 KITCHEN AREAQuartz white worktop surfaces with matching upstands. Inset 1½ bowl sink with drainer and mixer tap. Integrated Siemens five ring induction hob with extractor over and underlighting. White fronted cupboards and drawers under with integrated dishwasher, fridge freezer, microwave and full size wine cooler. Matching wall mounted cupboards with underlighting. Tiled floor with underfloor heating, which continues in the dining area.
...
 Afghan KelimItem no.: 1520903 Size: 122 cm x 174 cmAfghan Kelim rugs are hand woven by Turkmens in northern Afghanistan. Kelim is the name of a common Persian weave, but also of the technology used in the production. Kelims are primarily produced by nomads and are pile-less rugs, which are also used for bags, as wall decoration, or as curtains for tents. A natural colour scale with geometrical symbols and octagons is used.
---
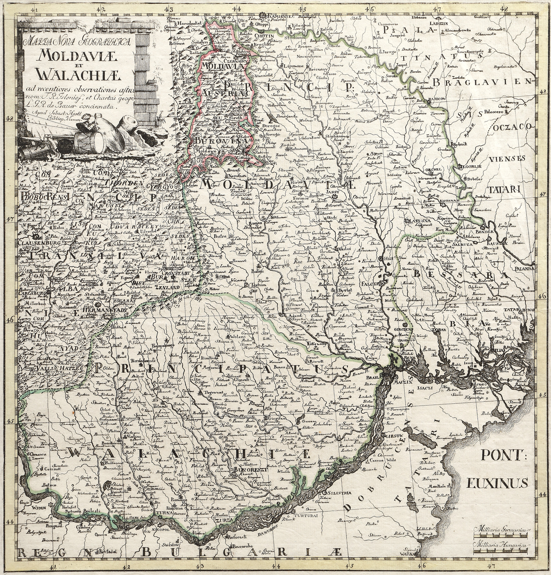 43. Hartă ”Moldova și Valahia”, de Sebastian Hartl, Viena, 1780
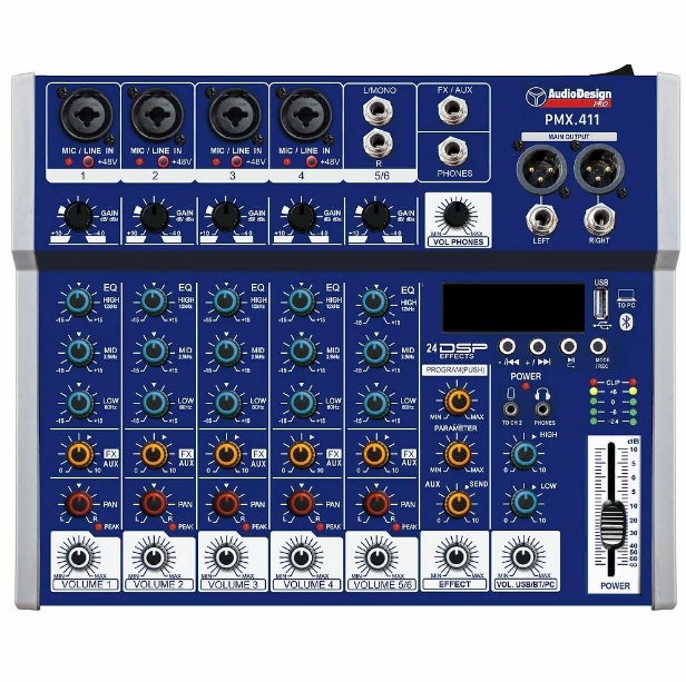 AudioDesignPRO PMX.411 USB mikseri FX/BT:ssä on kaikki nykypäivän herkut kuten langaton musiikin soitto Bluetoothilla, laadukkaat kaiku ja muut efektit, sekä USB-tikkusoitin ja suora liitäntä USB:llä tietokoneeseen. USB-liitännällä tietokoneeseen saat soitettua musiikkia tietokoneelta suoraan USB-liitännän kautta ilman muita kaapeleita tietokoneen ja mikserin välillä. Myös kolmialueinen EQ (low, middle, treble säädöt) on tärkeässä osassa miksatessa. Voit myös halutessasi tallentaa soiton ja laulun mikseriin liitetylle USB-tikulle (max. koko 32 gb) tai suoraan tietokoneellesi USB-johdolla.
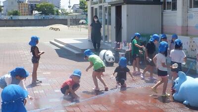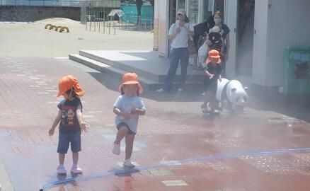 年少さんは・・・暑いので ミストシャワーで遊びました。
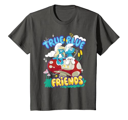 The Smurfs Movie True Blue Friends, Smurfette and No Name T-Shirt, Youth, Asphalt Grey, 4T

EXERCISE DETAILS :: Using the data above, transcribe exactly the lines between those containing "Hartl, Viena, 1780" and "The Smurfs Movie", inclusive, and leave every picture behind.

REPLY TO THE EXERCISE ::
 43. Hartă ”Moldova și Valahia”, de Sebastian Hartl, Viena, 1780
 AudioDesignPRO PMX.411 USB mikseri FX/BT:ssä on kaikki nykypäivän herkut kuten langaton musiikin soitto Bluetoothilla, laadukkaat kaiku ja muut efektit, sekä USB-tikkusoitin ja suora liitäntä USB:llä tietokoneeseen. USB-liitännällä tietokoneeseen saat soitettua musiikkia tietokoneelta suoraan USB-liitännän kautta ilman muita kaapeleita tietokoneen ja mikserin välillä. Myös kolmialueinen EQ (low, middle, treble säädöt) on tärkeässä osassa miksatessa. Voit myös halutessasi tallentaa soiton ja laulun mikseriin liitetylle USB-tikulle (max. koko 32 gb) tai suoraan tietokoneellesi USB-johdolla.
 年少さんは・・・暑いので ミストシャワーで遊びました。
 The Smurfs Movie True Blue Friends, Smurfette and No Name T-Shirt, Youth, Asphalt Grey, 4T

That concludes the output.